Personal information
- Native name: Dónall Ó Laighin (Irish)
- Born: 1861 Coachford, County Cork, Ireland
- Died: 3 June 1940 (aged 79) Cork, Ireland
- Occupations: Labourer and farmer

Sport
- Sport: Hurling
- Position: Forward

Club
- Years: Club
- Aghabullogue

Club titles
- Cork titles: 1

Inter-county*
- Years: County / Apps (scores)
- 1890: Cork / 2

Inter-county titles
- Munster titles: 1
- All-Irelands: 1
- *Inter County team apps and scores correct as of 15:27, 1 July 2014.

= Dan Lane =

Irish hurler

Daniel Lane (1861 - 3 June 1940) was an Irish hurler who played as a forward for the Cork senior team.

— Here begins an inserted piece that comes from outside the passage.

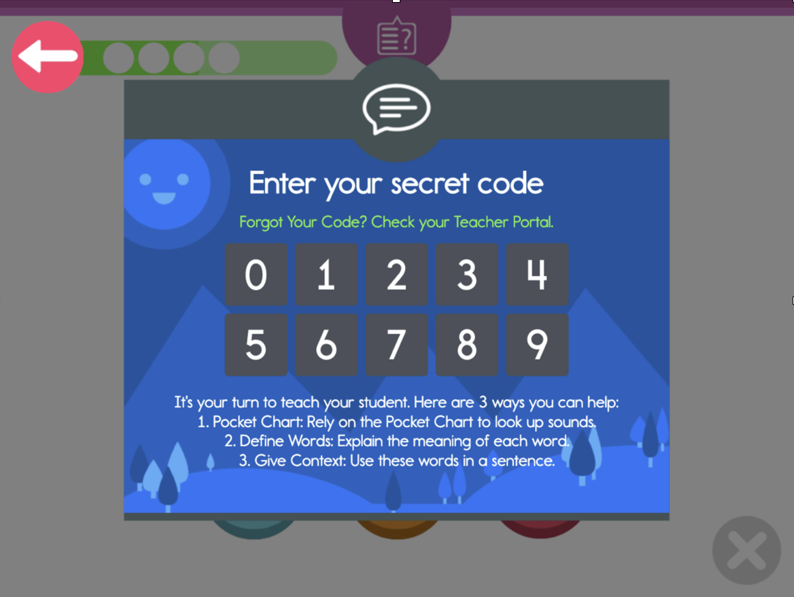When a student makes three mistakes in a row in a particular exercise, a Lock will disable the program. To remove the Lock, click on the back arrow at the top-left corner of the screen. Have your child try the lesson again, but please sit with your child and offer support when they need it. We list three ways you can help your child on the bottom of the Lock. Here is what it says:

Born in Coachford, County Cork, Lane first played competitive hurling in his youth, prior to the establishment of the Gaelic Athletic Association. He arrived on the inter-county scene at the age of twenty-nine when his club team represented Cork. In his sole season with Cork, Lane won one All-Ireland medal and one Munster medal.

He was Cork's first ever winning Munster and All-Ireland winning captain.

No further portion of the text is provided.